Martin’s day was done after his car took hits to the front and rear, caught in the middle of the melee that began when Johnson got into the back of polesitter Elliott Sadler. Michael Waltrip, Dale Earnhardt Jr., Mike Skinner and Joe Nemechek were involved as well, with Waltrip’s Chevrolet barrel-rolling through Turns 1 and 2.

Johnson returned only to become mired in a second multicar incident on lap 66 that also featured a car leaving the pavement, this time the No. 10 Chevrolet of Scott Riggs. Wallace and Greg Biffle were the unfortunate Chase victims in that particular frontstretch misadventure.

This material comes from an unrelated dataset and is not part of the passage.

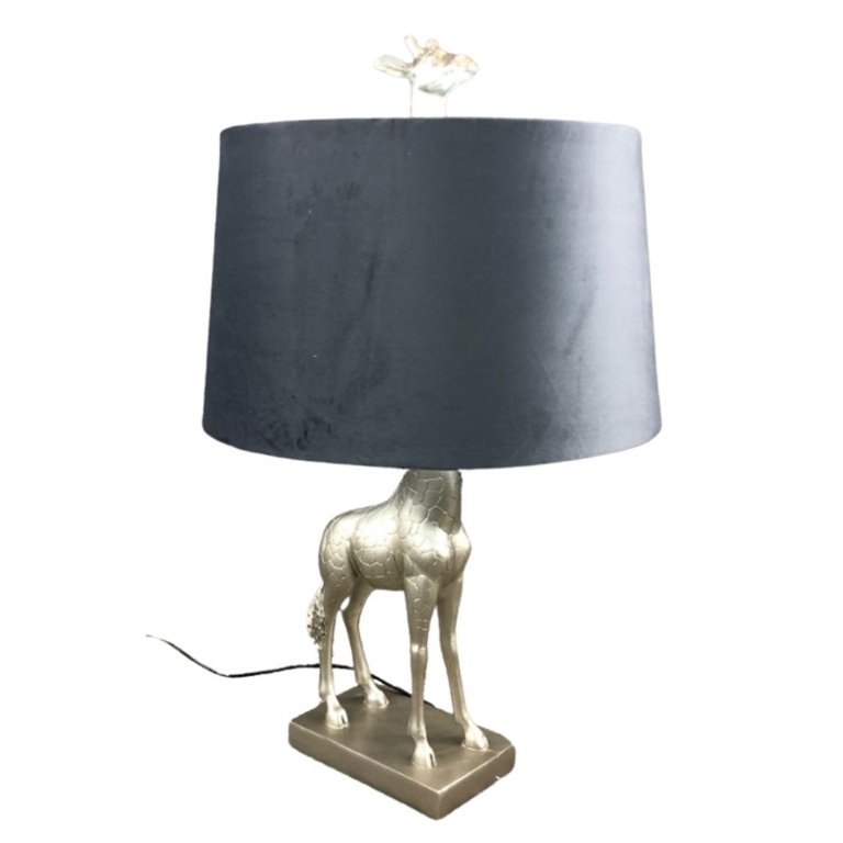 A silver Giraffe style table top lamp with a grey velvet shade. Approx 26" height, 16" width.

Thankfully, no one came away injured, only disappointed in the fact that the series’ biggest track continues to provide some of its tightest racing conditions.

Still, Talladega provides ample action for the fans, and that’s why they continue to return. This year’s race had 50 lead changes; the previous three, at Dover, New Hampshire and Richmond, featured 56. Combined.

“Racing is what we get paid to do,” Earnhardt Jr. said. “We’re all together, so it’s hard to miss something when we’re going so fast. ... It’s just frustrating.”

It’s frustrating, but it’s Talladega. It’s a part of the Chase because three other times during the year – here and twice at Daytona – it’s a part of the regular season.

“A champion is a champion at all the race tracks,” Newman said, after admitting he felt “happy to be alive.

“I had the car pretty crossed up a couple of times in the middle of the trioval and I thought, ‘Man, this is it. I’m going to be in the third Big One of the day.’”

Jarrett, stopping long enough to collect the checkered flag before beginning a slow drive up the frontstretch, managed to miss the Big Ones. And the little ones. He didn’t falter on the track, and his crew didn’t let him down on pit road. Maybe they didn’t seem like a winner before, but now ...?

“To go through things that we did this year – [for] neither one of our teams to make the Chase,” said Parrott, who helped lead Jarrett to the 1999 championship, “we all know how important that is and what it means to Robert Yates Racing and just racing in general. ...

“I told Robert before Dover, I went out on a limb and promised him that I would get this ... car back in victory lane before the end of the year. I just didn’t know it was going to happen this quick. Me and this guy [Jarrett] have worked a lot of magic together, and we’re not done.”

After Talladega, it’s sure starting to seem that way.